Data extracts:

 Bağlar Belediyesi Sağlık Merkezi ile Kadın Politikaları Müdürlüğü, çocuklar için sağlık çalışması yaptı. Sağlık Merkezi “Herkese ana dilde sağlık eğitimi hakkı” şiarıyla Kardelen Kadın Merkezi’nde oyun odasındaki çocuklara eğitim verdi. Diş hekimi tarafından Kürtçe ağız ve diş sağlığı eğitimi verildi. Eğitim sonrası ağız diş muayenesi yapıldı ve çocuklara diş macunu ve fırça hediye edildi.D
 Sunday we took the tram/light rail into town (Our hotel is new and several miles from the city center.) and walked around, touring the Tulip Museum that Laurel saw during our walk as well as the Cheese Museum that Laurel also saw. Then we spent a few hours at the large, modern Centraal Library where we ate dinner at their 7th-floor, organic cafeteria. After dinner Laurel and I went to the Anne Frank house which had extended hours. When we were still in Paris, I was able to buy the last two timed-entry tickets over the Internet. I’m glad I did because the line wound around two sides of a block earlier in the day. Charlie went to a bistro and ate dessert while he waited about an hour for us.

---

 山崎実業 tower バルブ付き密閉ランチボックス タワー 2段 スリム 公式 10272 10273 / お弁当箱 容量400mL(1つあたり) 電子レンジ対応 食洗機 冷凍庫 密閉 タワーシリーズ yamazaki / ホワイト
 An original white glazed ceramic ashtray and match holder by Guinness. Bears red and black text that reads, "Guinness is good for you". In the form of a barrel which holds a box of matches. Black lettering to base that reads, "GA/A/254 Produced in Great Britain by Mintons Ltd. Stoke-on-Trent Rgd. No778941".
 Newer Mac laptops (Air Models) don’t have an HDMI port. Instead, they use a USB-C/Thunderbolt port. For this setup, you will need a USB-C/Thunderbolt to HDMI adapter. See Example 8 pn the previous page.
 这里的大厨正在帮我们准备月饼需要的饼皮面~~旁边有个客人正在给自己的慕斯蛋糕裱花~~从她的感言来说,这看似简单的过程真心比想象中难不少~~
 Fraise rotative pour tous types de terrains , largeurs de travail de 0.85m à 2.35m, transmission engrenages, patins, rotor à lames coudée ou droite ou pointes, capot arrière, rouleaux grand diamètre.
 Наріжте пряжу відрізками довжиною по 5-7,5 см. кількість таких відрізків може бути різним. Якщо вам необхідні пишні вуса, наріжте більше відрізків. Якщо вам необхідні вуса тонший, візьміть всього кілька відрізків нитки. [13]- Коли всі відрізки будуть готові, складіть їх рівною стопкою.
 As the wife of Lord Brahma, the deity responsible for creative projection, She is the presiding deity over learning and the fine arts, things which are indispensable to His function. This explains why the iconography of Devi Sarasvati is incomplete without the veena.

Problem details:
With the line holding "An original white" as the first and the line holding "Наріжте пряжу відрізками" as the last, please transcribe exactly the lines of the material above in that range and nothing else.

Task output:
 An original white glazed ceramic ashtray and match holder by Guinness. Bears red and black text that reads, "Guinness is good for you". In the form of a barrel which holds a box of matches. Black lettering to base that reads, "GA/A/254 Produced in Great Britain by Mintons Ltd. Stoke-on-Trent Rgd. No778941".
 Newer Mac laptops (Air Models) don’t have an HDMI port. Instead, they use a USB-C/Thunderbolt port. For this setup, you will need a USB-C/Thunderbolt to HDMI adapter. See Example 8 pn the previous page.
 这里的大厨正在帮我们准备月饼需要的饼皮面~~旁边有个客人正在给自己的慕斯蛋糕裱花~~从她的感言来说,这看似简单的过程真心比想象中难不少~~
 Fraise rotative pour tous types de terrains , largeurs de travail de 0.85m à 2.35m, transmission engrenages, patins, rotor à lames coudée ou droite ou pointes, capot arrière, rouleaux grand diamètre.
 Наріжте пряжу відрізками довжиною по 5-7,5 см. кількість таких відрізків може бути різним. Якщо вам необхідні пишні вуса, наріжте більше відрізків. Якщо вам необхідні вуса тонший, візьміть всього кілька відрізків нитки. [13]- Коли всі відрізки будуть готові, складіть їх рівною стопкою.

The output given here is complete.